(Records from a dataset)
□ □ □ □

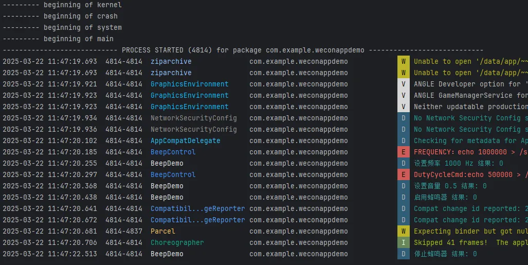 运行期间蜂鸣器状态将通过 Logcat 输出,便于开发者观察实际效果。
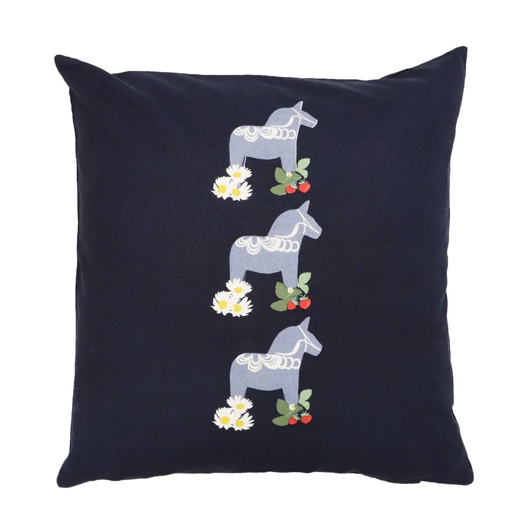 Mörkblått kuddfodral i bomull med ljusblå dalahästar och blommor. Mönster på båda sidorna. Blixtlås i botten.
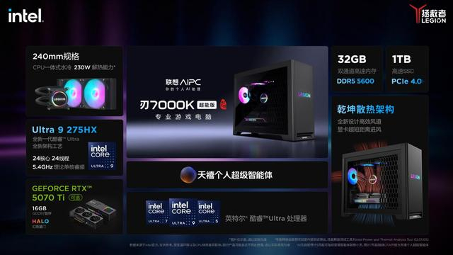 除了拯救者Y9000P 2025至尊版 AI元启之外,直播同步发布了联想拯救者台式机新品刃7000K超能版 AI元启,其搭载英特尔酷睿Ultra 9 275HX处理器,采用无顶盖直触散热设计,全新设计的垂直风道机箱配备5组12cm风扇系统,底部直吹设计配合850W整机解热能力,在240mm水冷系统的加持下,可完美承载600W RTX 5070 Ti显卡与253W CPU的双重火力输出。
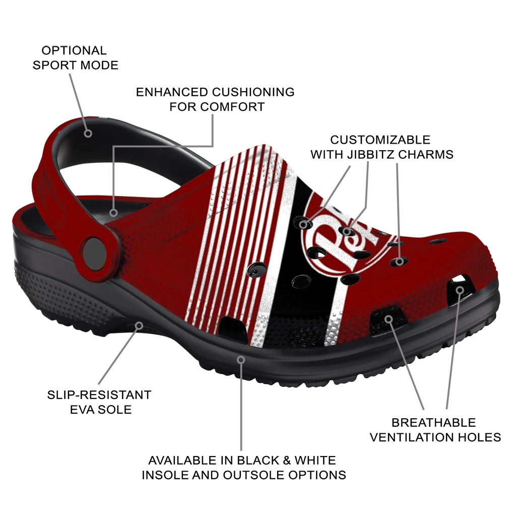 The Dr Pepper Logo Stars Red Black Clogs from Hey Clogs slips on in seconds and keeps pace with your day, from slow mornings at home to city strolls and weekend getaways. Thoughtful design meets playful style with cheerful colors and prints that pop, adding personality to every step while delivering easy, breezy comfort and lightweight support wherever you wander.
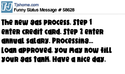 X The new gas process. Step 1 enter credit card. Step 2 enter annual salary. Processing... Loan approved, you may now fill your gas tank. Have a nice day.
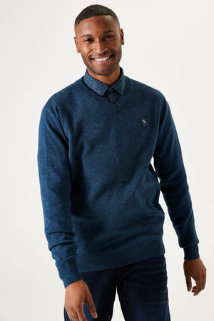Viyella 1/4 Zip Woodsman Sweater with Leather Trim
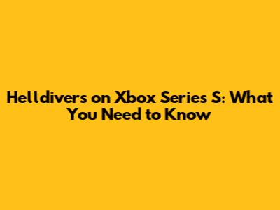 Helldivers On Xbox Series S: What You Need To Know
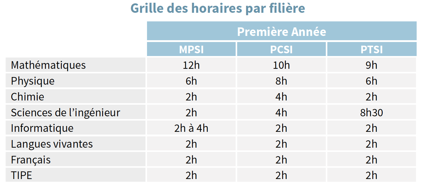 Les prépas MP (Maths Physique), PSI (Physique Sciences de l’Ingénieur), PC (Physique Chimie), PT (Physique Technologie)
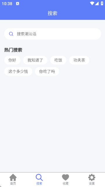3:在搜索板块,可通过搜索框输入关键词搜索潮汕话内容,也可点击热门搜索词条快速查找常用表达。
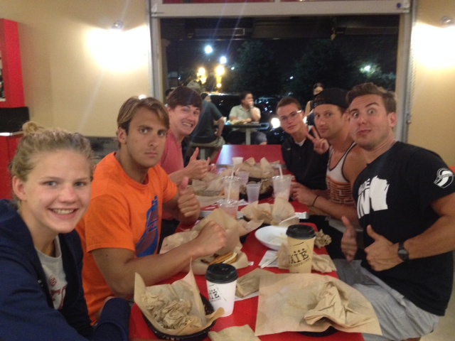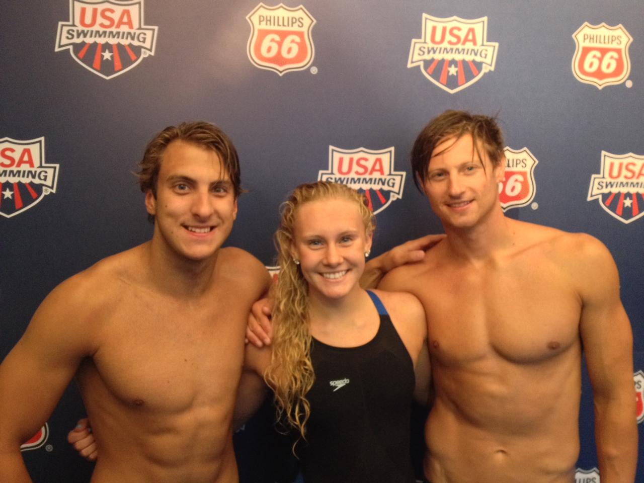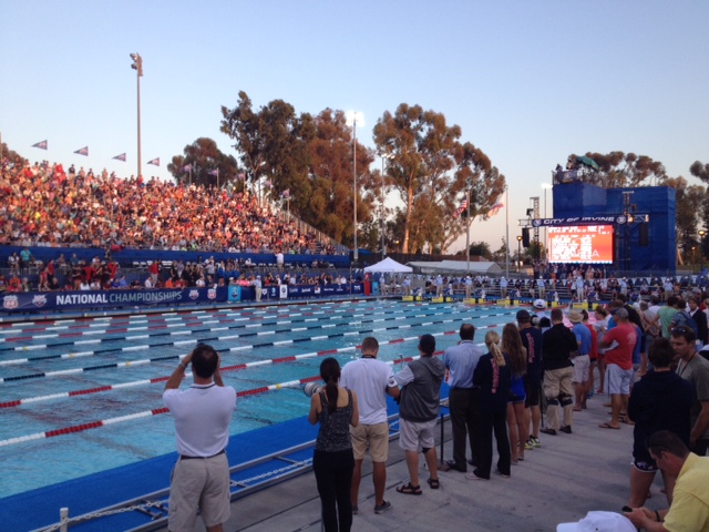 Another good session on Day 3 in Prelims. Nick was out very fast in the 100 Fly and suffered toward the end of the race and did not get a second swim (55.5). Ashlyn and Nick both are in the C Final of the 50 M Back and Adam is 7th in the 50 M Back. All three had some trouble with sun and hitting the lane line so tonight may be better!
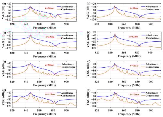Calculated admittance and conductance curves of TC-SAW resonator with bent metal strip on the top of SiO2 under different metal thicknesses. (a) 20 nm; (b) 35 nm; (c) 50 nm; (d) 65 nm; (e) 80 nm; (f) 95 nm; (g) 110 nm; (h) 125 nm.
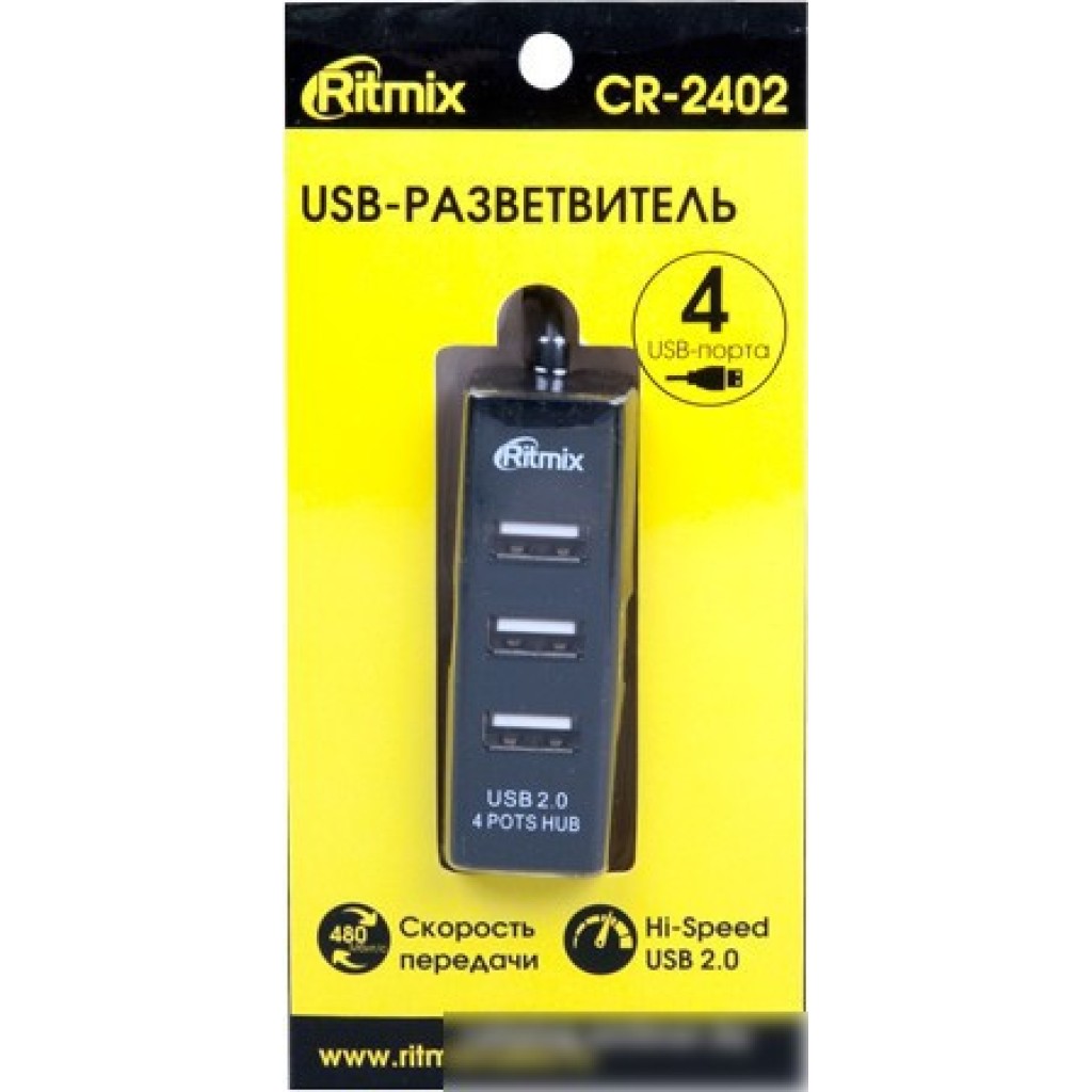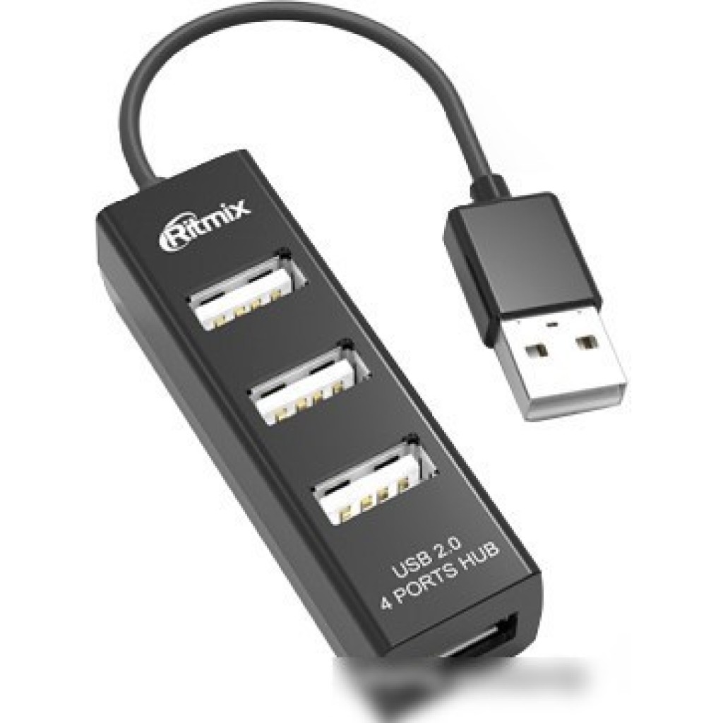 USB 2.0, 4 порта, пассивное питание, цвет черный
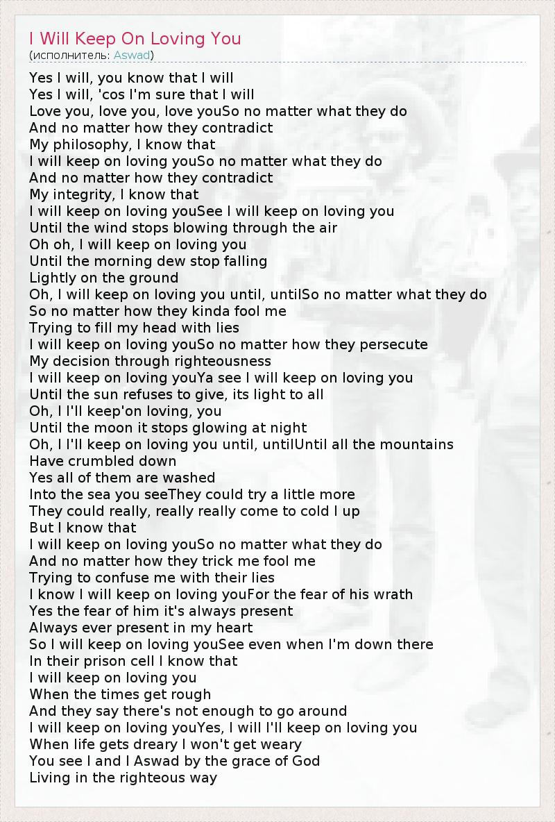 А как ты думаешь, о чем песня "I Will Keep On Loving You" ?
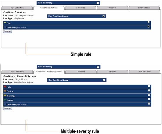 There are two types of rules in Foglight: simple rules and multiple-severity rules. A simple rule has a single condition, and can be in one of three states: Fire, Undefined, or Normal. A multiple-severity rule can have up to five severity levels: Undefined, Fatal, Critical, Warning, and Normal.
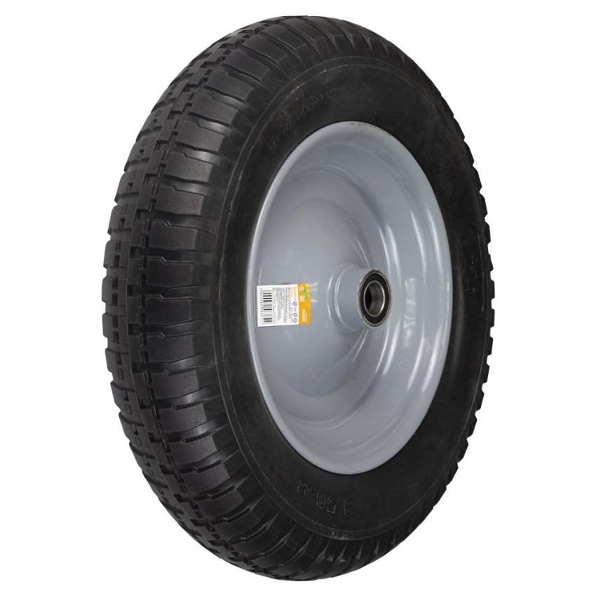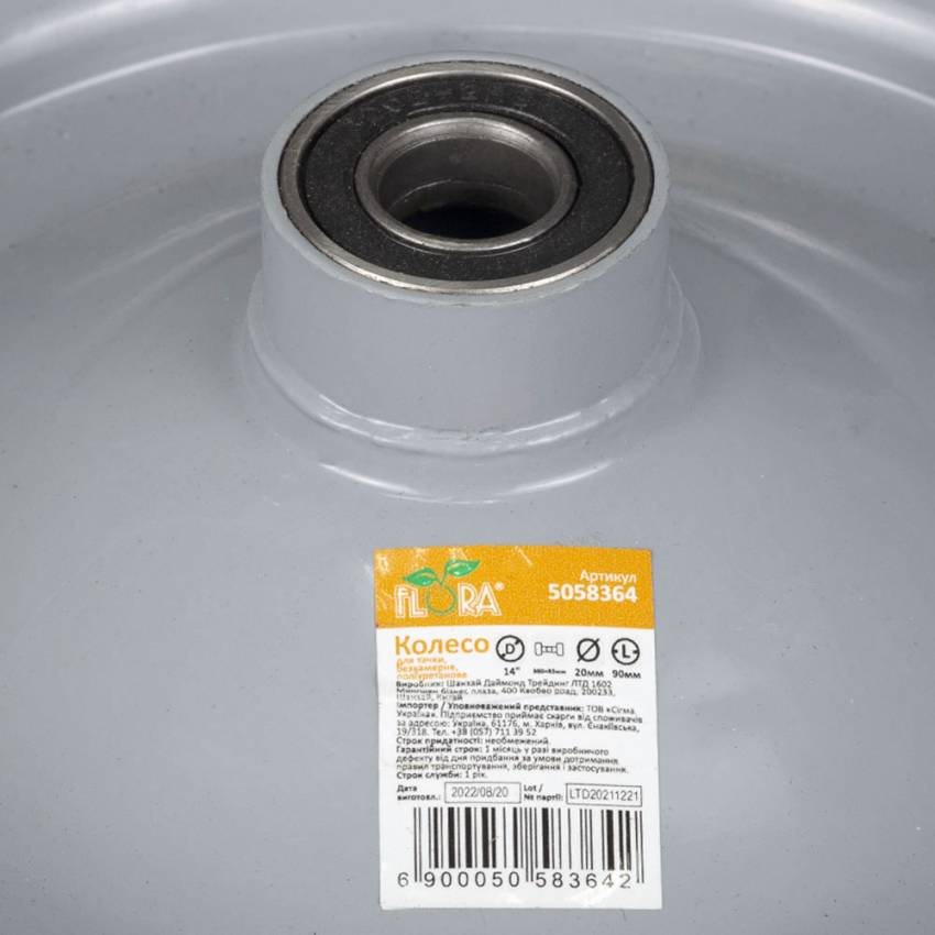 <b>Колесо для тачки безкамерне поліуретанове 14' (3.50-8) 360×85мм вісь Ø20мм довжина 90мм FLORA (5058364)</b>
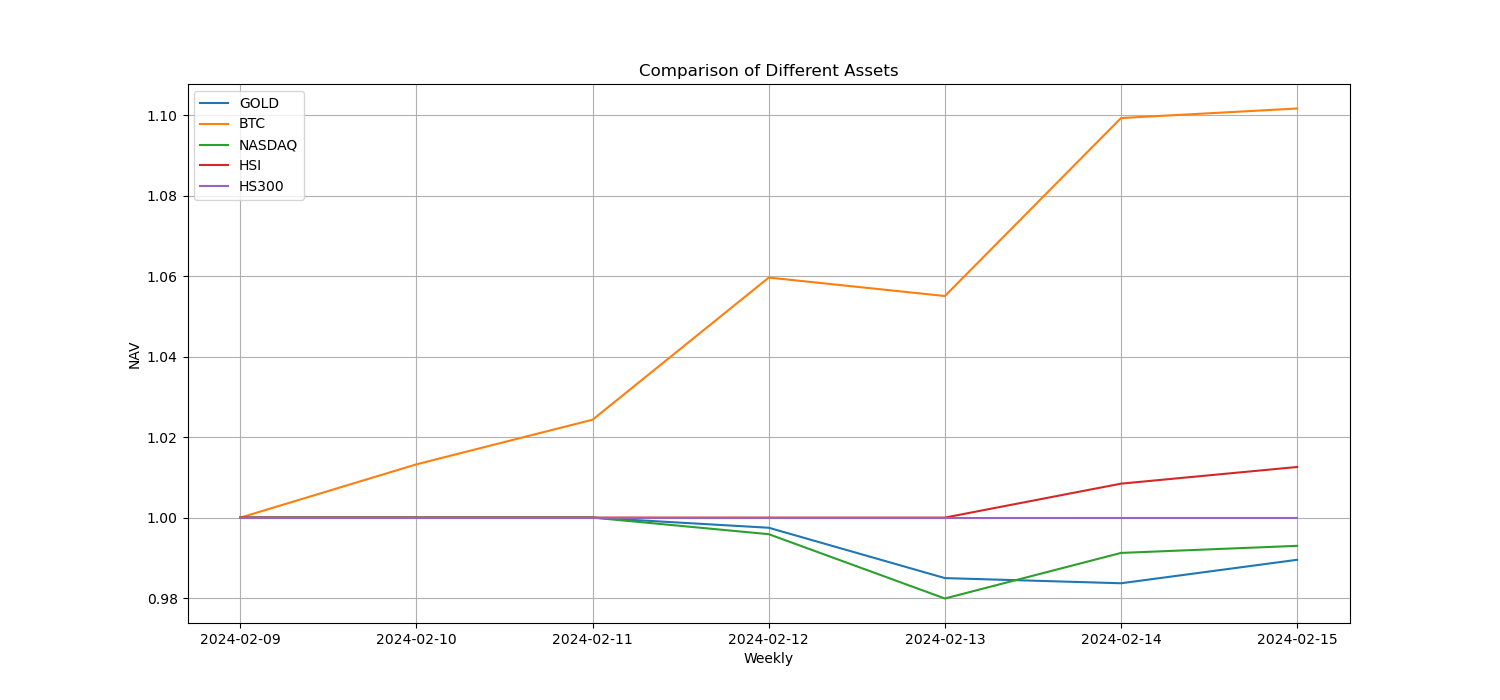 過去一週比特幣/黃金/納指/恆指/滬深300 中,比特幣最強勢,表現最差為黃金。
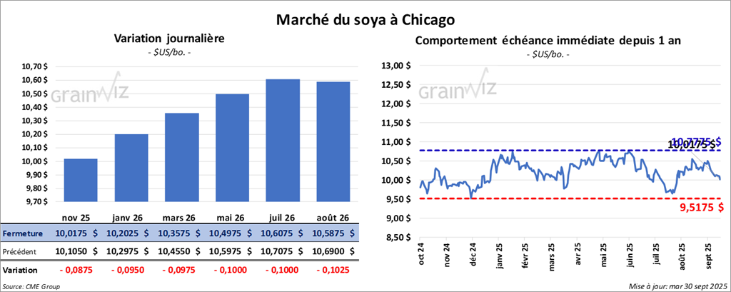 Le contrat de soya américain novembre 25 a clôturé à 10,0175 $ (-8 ¾ cents). Celui janvier 26 a fermé à 10,2025 $ (- 9 ½ cents). Celui mars 26 a terminé à 10,3575 $ (-9 ¾ cents).
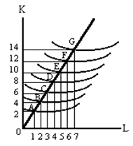 Определите: а) На сколько возрастают факторы производства и объём продукции в точках B, C, …, G? б) в районе каких точек пр. функция Q = Ф(K,L) выражает: – возрастающий эффект масштаба; – постоянный эффект масштаба; – снижающийся эффект масштаба? Задача 13. Один час инженерного труда стоит 50 руб., а час труда маляра – 20 руб. Инженер решил сам провести ремонт своей квартиры и умеет выполнять все необходимые работы не хуже маляра. На ремонт квартиры инженеру требуется 30 часов (помогает вся семья), а маляру – 40 часов. Стоимость материалов для ремонта составляет 6000 руб. Определите величину экономических (альтернативных) издержек: 1500, 600, 7500, 800, 2000, 8000 руб.? Задача 14. Используя диаграмму, изображенную ниже, ответьте на вопросы:

□ □ □ □

Your answer must be an exact copy of every entry, with the pictures left out.

Response for this exercise →
 运行期间蜂鸣器状态将通过 Logcat 输出,便于开发者观察实际效果。
 Mörkblått kuddfodral i bomull med ljusblå dalahästar och blommor. Mönster på båda sidorna. Blixtlås i botten.
 除了拯救者Y9000P 2025至尊版 AI元启之外,直播同步发布了联想拯救者台式机新品刃7000K超能版 AI元启,其搭载英特尔酷睿Ultra 9 275HX处理器,采用无顶盖直触散热设计,全新设计的垂直风道机箱配备5组12cm风扇系统,底部直吹设计配合850W整机解热能力,在240mm水冷系统的加持下,可完美承载600W RTX 5070 Ti显卡与253W CPU的双重火力输出。
 The Dr Pepper Logo Stars Red Black Clogs from Hey Clogs slips on in seconds and keeps pace with your day, from slow mornings at home to city strolls and weekend getaways. Thoughtful design meets playful style with cheerful colors and prints that pop, adding personality to every step while delivering easy, breezy comfort and lightweight support wherever you wander.
 X The new gas process. Step 1 enter credit card. Step 2 enter annual salary. Processing... Loan approved, you may now fill your gas tank. Have a nice day.
Viyella 1/4 Zip Woodsman Sweater with Leather Trim
 Helldivers On Xbox Series S: What You Need To Know
 Les prépas MP (Maths Physique), PSI (Physique Sciences de l’Ingénieur), PC (Physique Chimie), PT (Physique Technologie)
3:在搜索板块,可通过搜索框输入关键词搜索潮汕话内容,也可点击热门搜索词条快速查找常用表达。
 Another good session on Day 3 in Prelims. Nick was out very fast in the 100 Fly and suffered toward the end of the race and did not get a second swim (55.5). Ashlyn and Nick both are in the C Final of the 50 M Back and Adam is 7th in the 50 M Back. All three had some trouble with sun and hitting the lane line so tonight may be better!
Calculated admittance and conductance curves of TC-SAW resonator with bent metal strip on the top of SiO2 under different metal thicknesses. (a) 20 nm; (b) 35 nm; (c) 50 nm; (d) 65 nm; (e) 80 nm; (f) 95 nm; (g) 110 nm; (h) 125 nm.
 USB 2.0, 4 порта, пассивное питание, цвет черный
 А как ты думаешь, о чем песня "I Will Keep On Loving You" ?
 There are two types of rules in Foglight: simple rules and multiple-severity rules. A simple rule has a single condition, and can be in one of three states: Fire, Undefined, or Normal. A multiple-severity rule can have up to five severity levels: Undefined, Fatal, Critical, Warning, and Normal.
 <b>Колесо для тачки безкамерне поліуретанове 14' (3.50-8) 360×85мм вісь Ø20мм довжина 90мм FLORA (5058364)</b>
 過去一週比特幣/黃金/納指/恆指/滬深300 中,比特幣最強勢,表現最差為黃金。
 Le contrat de soya américain novembre 25 a clôturé à 10,0175 $ (-8 ¾ cents). Celui janvier 26 a fermé à 10,2025 $ (- 9 ½ cents). Celui mars 26 a terminé à 10,3575 $ (-9 ¾ cents).
 Определите: а) На сколько возрастают факторы производства и объём продукции в точках B, C, …, G? б) в районе каких точек пр. функция Q = Ф(K,L) выражает: – возрастающий эффект масштаба; – постоянный эффект масштаба; – снижающийся эффект масштаба? Задача 13. Один час инженерного труда стоит 50 руб., а час труда маляра – 20 руб. Инженер решил сам провести ремонт своей квартиры и умеет выполнять все необходимые работы не хуже маляра. На ремонт квартиры инженеру требуется 30 часов (помогает вся семья), а маляру – 40 часов. Стоимость материалов для ремонта составляет 6000 руб. Определите величину экономических (альтернативных) издержек: 1500, 600, 7500, 800, 2000, 8000 руб.? Задача 14. Используя диаграмму, изображенную ниже, ответьте на вопросы:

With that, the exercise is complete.